• _What is expected_:
Give every line of the records exactly, please, from the first up to and including the one containing "Flightradar24は、全世界の航空機の位置情報を提供するサービスです。".

• _Extracted records_:
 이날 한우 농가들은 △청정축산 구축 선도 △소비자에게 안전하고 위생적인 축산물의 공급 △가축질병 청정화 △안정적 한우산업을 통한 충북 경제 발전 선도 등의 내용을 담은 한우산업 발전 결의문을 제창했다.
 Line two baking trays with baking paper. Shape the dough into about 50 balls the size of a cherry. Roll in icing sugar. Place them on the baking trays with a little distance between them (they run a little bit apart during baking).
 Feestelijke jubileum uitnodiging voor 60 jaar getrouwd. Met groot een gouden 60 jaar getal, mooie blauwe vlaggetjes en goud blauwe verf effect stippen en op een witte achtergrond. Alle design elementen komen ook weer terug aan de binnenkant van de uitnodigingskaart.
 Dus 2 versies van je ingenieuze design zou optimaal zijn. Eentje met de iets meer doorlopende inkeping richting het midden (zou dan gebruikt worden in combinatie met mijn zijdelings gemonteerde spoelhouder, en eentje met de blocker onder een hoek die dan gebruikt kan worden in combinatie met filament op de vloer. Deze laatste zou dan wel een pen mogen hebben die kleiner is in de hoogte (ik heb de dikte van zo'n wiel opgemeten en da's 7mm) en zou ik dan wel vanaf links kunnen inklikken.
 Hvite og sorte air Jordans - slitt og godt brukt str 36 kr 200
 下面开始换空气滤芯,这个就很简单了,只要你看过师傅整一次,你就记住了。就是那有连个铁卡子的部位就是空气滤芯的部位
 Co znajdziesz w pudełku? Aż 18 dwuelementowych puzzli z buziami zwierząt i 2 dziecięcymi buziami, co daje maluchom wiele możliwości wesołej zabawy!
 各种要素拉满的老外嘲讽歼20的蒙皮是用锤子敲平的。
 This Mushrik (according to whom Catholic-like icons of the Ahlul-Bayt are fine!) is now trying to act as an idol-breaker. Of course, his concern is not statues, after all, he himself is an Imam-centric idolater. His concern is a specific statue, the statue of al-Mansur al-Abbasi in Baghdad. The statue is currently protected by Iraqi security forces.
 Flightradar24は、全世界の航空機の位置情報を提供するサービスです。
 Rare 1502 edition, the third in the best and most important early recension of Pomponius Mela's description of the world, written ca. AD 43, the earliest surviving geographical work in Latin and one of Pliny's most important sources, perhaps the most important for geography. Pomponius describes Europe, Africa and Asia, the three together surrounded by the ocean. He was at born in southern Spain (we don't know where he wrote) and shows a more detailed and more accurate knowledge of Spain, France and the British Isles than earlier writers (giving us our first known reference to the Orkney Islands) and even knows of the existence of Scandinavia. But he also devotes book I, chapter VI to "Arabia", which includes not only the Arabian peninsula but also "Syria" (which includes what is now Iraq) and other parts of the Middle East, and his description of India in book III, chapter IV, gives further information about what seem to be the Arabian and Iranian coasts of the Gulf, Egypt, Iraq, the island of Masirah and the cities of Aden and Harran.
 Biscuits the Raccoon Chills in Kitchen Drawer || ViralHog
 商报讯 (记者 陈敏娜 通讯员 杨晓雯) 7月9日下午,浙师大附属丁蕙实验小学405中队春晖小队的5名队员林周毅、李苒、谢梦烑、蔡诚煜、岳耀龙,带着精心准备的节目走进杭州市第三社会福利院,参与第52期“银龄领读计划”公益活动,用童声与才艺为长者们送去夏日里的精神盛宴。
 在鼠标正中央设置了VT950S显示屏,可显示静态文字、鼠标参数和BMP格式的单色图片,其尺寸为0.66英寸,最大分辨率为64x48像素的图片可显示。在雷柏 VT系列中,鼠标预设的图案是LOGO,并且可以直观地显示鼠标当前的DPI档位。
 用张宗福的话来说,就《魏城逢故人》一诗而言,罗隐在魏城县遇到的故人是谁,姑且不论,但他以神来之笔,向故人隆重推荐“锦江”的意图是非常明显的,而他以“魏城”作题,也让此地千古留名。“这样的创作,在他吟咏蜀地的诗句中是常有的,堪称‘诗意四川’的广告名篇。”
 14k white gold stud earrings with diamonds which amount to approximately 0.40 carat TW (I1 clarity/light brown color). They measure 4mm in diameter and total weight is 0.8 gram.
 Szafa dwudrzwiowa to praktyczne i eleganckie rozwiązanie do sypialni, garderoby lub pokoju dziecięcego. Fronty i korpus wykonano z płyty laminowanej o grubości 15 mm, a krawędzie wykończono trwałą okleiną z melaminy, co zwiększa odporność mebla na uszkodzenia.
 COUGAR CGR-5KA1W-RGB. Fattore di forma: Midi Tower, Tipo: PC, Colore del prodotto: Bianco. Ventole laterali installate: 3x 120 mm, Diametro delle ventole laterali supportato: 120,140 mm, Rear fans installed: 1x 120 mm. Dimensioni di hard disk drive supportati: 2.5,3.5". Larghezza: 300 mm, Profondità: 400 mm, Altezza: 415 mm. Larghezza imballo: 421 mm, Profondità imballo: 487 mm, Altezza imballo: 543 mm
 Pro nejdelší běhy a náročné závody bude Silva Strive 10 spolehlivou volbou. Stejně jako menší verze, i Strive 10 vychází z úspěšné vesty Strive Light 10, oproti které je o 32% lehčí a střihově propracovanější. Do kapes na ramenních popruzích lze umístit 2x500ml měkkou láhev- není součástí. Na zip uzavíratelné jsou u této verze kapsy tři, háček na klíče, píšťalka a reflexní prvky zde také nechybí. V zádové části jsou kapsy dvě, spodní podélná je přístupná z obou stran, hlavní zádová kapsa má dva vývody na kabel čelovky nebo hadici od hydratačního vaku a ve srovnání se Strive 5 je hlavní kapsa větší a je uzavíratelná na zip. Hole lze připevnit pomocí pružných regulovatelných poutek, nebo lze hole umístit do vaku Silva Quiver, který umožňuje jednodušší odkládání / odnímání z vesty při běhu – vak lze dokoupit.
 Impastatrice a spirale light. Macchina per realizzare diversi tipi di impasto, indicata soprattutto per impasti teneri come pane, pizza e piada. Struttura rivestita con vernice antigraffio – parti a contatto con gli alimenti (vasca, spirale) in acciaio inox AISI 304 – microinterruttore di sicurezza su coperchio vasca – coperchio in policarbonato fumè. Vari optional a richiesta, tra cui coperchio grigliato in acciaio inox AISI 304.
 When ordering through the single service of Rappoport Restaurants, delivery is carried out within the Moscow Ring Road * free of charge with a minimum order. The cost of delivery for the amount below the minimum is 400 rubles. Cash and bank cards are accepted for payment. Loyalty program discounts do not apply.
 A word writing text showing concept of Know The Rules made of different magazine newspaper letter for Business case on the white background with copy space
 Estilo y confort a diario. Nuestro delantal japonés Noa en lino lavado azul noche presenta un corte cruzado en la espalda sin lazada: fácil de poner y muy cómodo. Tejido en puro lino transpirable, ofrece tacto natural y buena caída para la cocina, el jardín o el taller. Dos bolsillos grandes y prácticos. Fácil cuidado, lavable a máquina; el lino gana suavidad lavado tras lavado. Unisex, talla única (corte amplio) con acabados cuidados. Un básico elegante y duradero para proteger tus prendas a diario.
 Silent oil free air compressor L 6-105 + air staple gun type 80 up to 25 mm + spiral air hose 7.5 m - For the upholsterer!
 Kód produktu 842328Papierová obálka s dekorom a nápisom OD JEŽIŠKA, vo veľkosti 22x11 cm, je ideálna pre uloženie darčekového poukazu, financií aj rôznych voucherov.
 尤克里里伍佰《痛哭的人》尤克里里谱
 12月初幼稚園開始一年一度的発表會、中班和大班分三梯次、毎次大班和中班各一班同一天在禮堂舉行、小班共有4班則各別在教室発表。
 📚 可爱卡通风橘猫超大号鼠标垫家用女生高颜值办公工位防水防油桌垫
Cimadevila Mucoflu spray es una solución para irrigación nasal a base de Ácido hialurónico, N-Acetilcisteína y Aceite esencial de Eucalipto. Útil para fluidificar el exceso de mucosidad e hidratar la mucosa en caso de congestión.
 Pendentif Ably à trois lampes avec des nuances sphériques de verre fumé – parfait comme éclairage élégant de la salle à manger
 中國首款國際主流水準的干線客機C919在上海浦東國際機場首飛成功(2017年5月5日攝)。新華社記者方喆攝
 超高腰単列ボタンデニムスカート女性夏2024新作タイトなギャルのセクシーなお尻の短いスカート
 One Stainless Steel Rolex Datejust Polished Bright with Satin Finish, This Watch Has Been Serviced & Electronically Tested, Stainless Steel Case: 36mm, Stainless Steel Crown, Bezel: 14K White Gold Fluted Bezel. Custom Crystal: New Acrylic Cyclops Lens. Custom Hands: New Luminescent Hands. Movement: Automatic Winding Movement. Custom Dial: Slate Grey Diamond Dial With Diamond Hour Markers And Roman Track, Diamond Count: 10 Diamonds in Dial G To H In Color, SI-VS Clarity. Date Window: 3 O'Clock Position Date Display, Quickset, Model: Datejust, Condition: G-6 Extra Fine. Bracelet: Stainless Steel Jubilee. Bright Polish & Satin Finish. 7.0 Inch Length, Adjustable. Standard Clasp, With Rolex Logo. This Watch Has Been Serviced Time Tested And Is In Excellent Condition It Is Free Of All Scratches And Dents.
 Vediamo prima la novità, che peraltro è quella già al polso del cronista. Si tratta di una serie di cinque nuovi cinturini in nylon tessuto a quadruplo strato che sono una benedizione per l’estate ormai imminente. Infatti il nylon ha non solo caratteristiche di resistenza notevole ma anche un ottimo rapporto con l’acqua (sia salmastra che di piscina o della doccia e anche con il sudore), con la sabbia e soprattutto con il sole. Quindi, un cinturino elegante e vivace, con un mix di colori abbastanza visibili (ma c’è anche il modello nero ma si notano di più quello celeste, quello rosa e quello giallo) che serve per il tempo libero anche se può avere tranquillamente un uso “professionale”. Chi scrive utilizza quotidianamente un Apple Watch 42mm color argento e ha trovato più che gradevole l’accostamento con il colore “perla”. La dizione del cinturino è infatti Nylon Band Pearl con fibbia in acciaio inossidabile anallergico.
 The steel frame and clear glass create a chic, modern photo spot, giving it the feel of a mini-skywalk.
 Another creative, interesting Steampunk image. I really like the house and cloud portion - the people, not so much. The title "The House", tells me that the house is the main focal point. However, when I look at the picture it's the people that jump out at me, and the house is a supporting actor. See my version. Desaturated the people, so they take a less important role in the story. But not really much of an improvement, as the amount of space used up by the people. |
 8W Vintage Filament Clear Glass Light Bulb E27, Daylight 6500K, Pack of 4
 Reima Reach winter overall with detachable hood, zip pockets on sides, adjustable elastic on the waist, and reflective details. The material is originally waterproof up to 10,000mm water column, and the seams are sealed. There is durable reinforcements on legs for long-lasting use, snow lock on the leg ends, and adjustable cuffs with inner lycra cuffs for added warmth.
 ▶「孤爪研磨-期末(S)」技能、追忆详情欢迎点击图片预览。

• _Written response_:
 이날 한우 농가들은 △청정축산 구축 선도 △소비자에게 안전하고 위생적인 축산물의 공급 △가축질병 청정화 △안정적 한우산업을 통한 충북 경제 발전 선도 등의 내용을 담은 한우산업 발전 결의문을 제창했다.
 Line two baking trays with baking paper. Shape the dough into about 50 balls the size of a cherry. Roll in icing sugar. Place them on the baking trays with a little distance between them (they run a little bit apart during baking).
 Feestelijke jubileum uitnodiging voor 60 jaar getrouwd. Met groot een gouden 60 jaar getal, mooie blauwe vlaggetjes en goud blauwe verf effect stippen en op een witte achtergrond. Alle design elementen komen ook weer terug aan de binnenkant van de uitnodigingskaart.
 Dus 2 versies van je ingenieuze design zou optimaal zijn. Eentje met de iets meer doorlopende inkeping richting het midden (zou dan gebruikt worden in combinatie met mijn zijdelings gemonteerde spoelhouder, en eentje met de blocker onder een hoek die dan gebruikt kan worden in combinatie met filament op de vloer. Deze laatste zou dan wel een pen mogen hebben die kleiner is in de hoogte (ik heb de dikte van zo'n wiel opgemeten en da's 7mm) en zou ik dan wel vanaf links kunnen inklikken.
 Hvite og sorte air Jordans - slitt og godt brukt str 36 kr 200
 下面开始换空气滤芯,这个就很简单了,只要你看过师傅整一次,你就记住了。就是那有连个铁卡子的部位就是空气滤芯的部位
 Co znajdziesz w pudełku? Aż 18 dwuelementowych puzzli z buziami zwierząt i 2 dziecięcymi buziami, co daje maluchom wiele możliwości wesołej zabawy!
 各种要素拉满的老外嘲讽歼20的蒙皮是用锤子敲平的。
 This Mushrik (according to whom Catholic-like icons of the Ahlul-Bayt are fine!) is now trying to act as an idol-breaker. Of course, his concern is not statues, after all, he himself is an Imam-centric idolater. His concern is a specific statue, the statue of al-Mansur al-Abbasi in Baghdad. The statue is currently protected by Iraqi security forces.
 Flightradar24は、全世界の航空機の位置情報を提供するサービスです。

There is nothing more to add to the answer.